About this task —
Where a picture appears, leave it out; copy everything else in the records exactly.

Entries supplied —

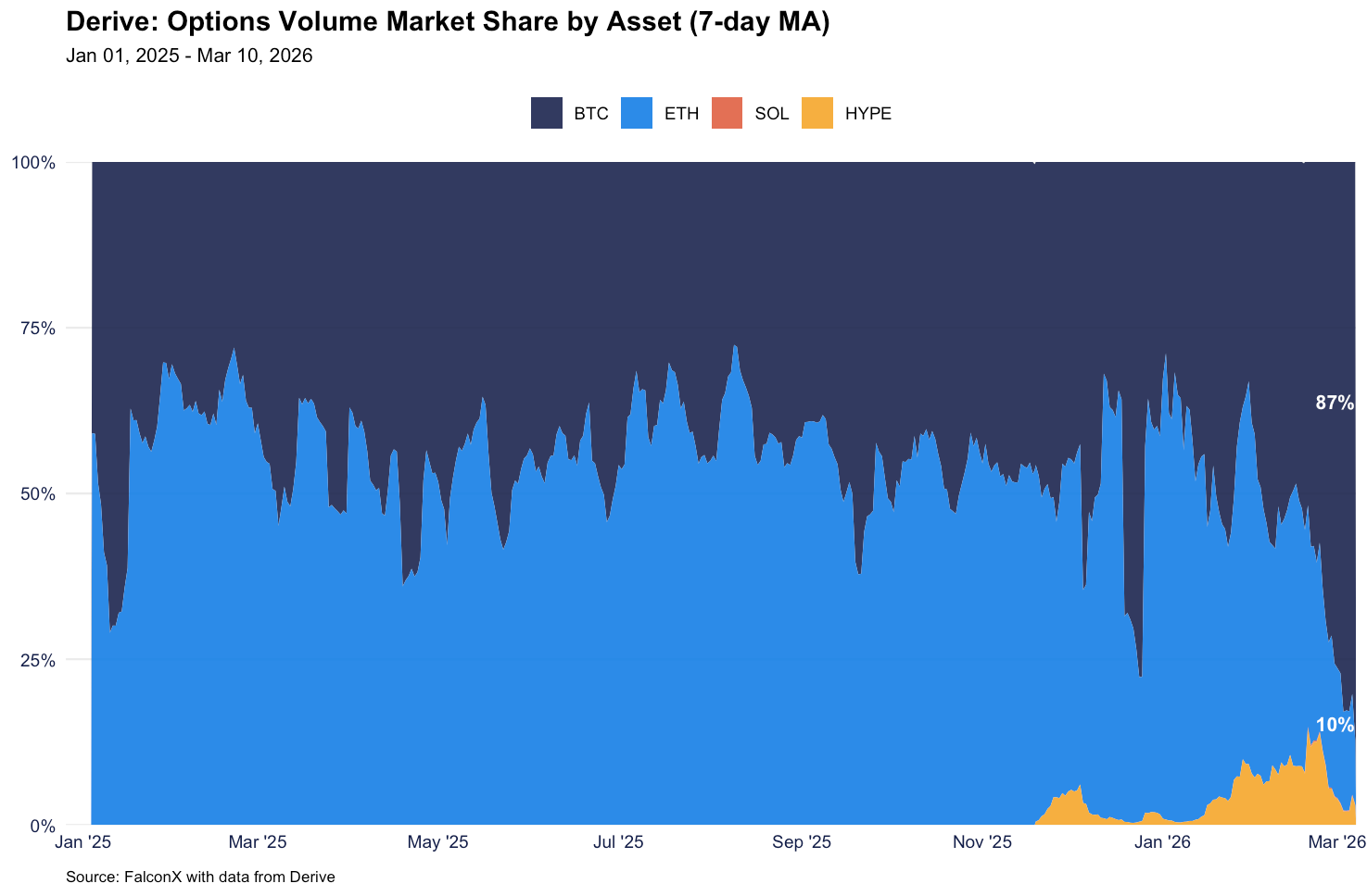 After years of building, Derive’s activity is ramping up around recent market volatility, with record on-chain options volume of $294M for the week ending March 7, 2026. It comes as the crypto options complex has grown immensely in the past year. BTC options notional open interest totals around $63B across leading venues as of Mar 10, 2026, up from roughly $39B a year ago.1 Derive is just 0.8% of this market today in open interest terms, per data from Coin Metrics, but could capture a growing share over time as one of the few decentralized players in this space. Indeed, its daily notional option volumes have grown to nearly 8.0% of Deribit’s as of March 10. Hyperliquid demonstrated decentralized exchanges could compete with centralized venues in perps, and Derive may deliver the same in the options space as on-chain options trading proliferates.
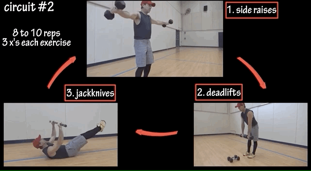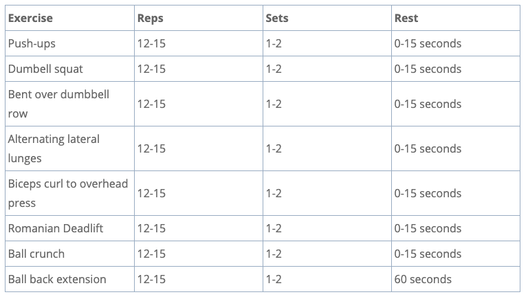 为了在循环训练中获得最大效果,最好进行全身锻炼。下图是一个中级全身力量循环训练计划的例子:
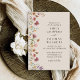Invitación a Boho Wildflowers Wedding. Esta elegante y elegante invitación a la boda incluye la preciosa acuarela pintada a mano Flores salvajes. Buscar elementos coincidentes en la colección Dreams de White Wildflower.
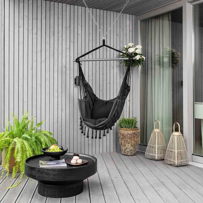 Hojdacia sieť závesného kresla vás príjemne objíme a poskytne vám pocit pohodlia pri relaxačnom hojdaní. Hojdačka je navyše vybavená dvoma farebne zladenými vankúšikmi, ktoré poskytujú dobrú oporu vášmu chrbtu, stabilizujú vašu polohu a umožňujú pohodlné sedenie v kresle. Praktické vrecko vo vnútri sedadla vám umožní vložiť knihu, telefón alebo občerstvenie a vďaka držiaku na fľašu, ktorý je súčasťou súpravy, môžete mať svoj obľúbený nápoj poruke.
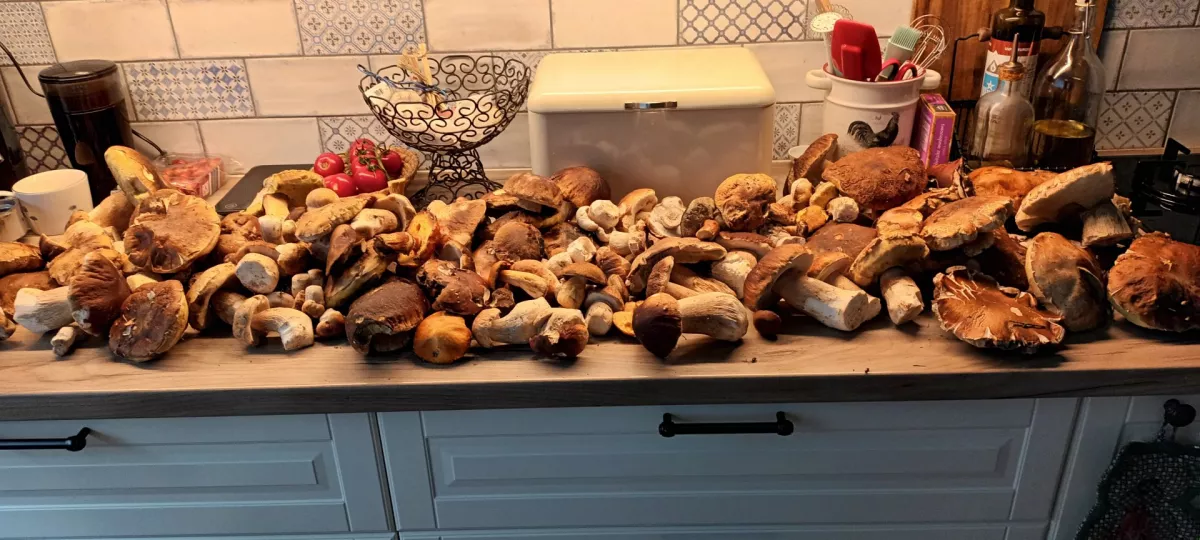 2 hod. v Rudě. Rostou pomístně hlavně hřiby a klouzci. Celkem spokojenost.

Your response —
 After years of building, Derive’s activity is ramping up around recent market volatility, with record on-chain options volume of $294M for the week ending March 7, 2026. It comes as the crypto options complex has grown immensely in the past year. BTC options notional open interest totals around $63B across leading venues as of Mar 10, 2026, up from roughly $39B a year ago.1 Derive is just 0.8% of this market today in open interest terms, per data from Coin Metrics, but could capture a growing share over time as one of the few decentralized players in this space. Indeed, its daily notional option volumes have grown to nearly 8.0% of Deribit’s as of March 10. Hyperliquid demonstrated decentralized exchanges could compete with centralized venues in perps, and Derive may deliver the same in the options space as on-chain options trading proliferates.
 为了在循环训练中获得最大效果,最好进行全身锻炼。下图是一个中级全身力量循环训练计划的例子:
Invitación a Boho Wildflowers Wedding. Esta elegante y elegante invitación a la boda incluye la preciosa acuarela pintada a mano Flores salvajes. Buscar elementos coincidentes en la colección Dreams de White Wildflower.
 Hojdacia sieť závesného kresla vás príjemne objíme a poskytne vám pocit pohodlia pri relaxačnom hojdaní. Hojdačka je navyše vybavená dvoma farebne zladenými vankúšikmi, ktoré poskytujú dobrú oporu vášmu chrbtu, stabilizujú vašu polohu a umožňujú pohodlné sedenie v kresle. Praktické vrecko vo vnútri sedadla vám umožní vložiť knihu, telefón alebo občerstvenie a vďaka držiaku na fľašu, ktorý je súčasťou súpravy, môžete mať svoj obľúbený nápoj poruke.
 2 hod. v Rudě. Rostou pomístně hlavně hřiby a klouzci. Celkem spokojenost.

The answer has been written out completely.